Prove $|y''(x)| \leq 40$ for all $x \in [1,3]$.

Question

$$y' = 2 - \sin(xy), \qquad\quad 1 \leq x \leq 3, \qquad\quad y(1) = -\frac{1}{2}$$

Attempt:=

$$|y''(x)| = |-\cos(xy)(y + xy')| \leq |y + xy'|$$

Not sure what to do next.

Answer 1

As already mentioned, using the fact that $-1 \leq \sin \leq 1$ you have $$1 \leq y' \leq 3$$ so integrating between $1$ and $x$ we obtain $$x-\frac{3}{2} \leq y(x) \leq 3x-\frac{7}{2}$$ and in particular $$-\frac{1}{2} \leq y(x) \leq \frac{11}{2}.$$

And you can easily obtain $$| y +x y'| \leq \max(\frac{1}{2},\frac{11}{2}+3*3) = \frac{29}{2} <40$$

Answer 2

First of all, the IVP $$\begin{cases}y' = 2- \sin(xy), \quad x \in [1,3] \\ y(1) = -1/2 \end{cases}$$ does not have a closed form solution.
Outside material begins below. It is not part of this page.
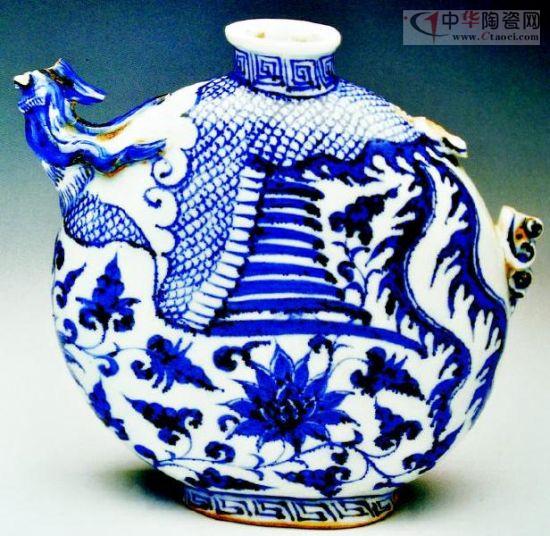 元代青花鳳首扁壺。追溯中國近代歷史,元代的中國海外貿(mào)易比較繁榮,大量的中國青花瓷器被運(yùn)輸?shù)搅酥袞|地區(qū),尤其是景德鎮(zhèn)燒制的青花瓷器,胎體潔白、釉色純凈、青花色澤濃艷青翠,漂亮無比,非常受當(dāng)?shù)鼐用竦南矚g。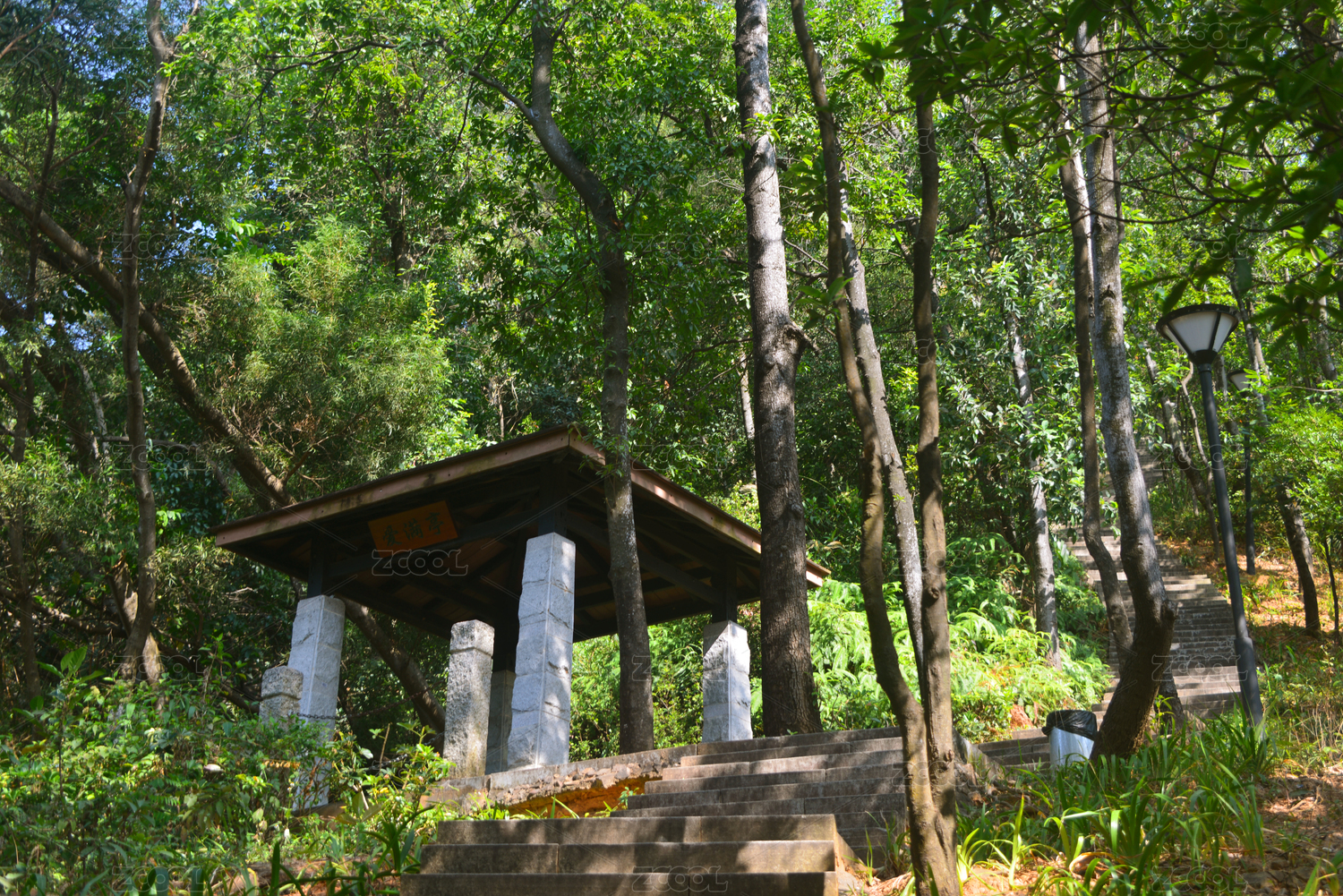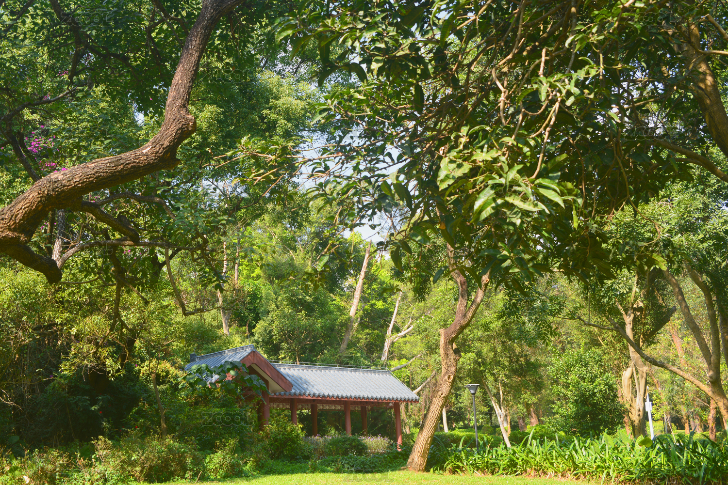 深圳笔架山公园 树林林荫下的传统风雨廊

This means that we should find another way around.

Note that $y'(x) = 2 - \sin(xy)$. But we know that $-1 \leq \sin(x) \leq 1 \implies -1 \leq \sin(xy) \leq 1$.

This means that $y'(x) > 0 \forall x \in [1,3]$. That means that $y(x)$ is strictly increasing.

Now, use a numerical method for the IVP to approximate $y(3)$ since you have $y(1)$ and use that to find a bound for $|y''(x)| = |-(xy'(x)+y(x))\cos(xy)|$.

Note : I added the usage of a Numerical Method since I saw your "numerical-methods" tag.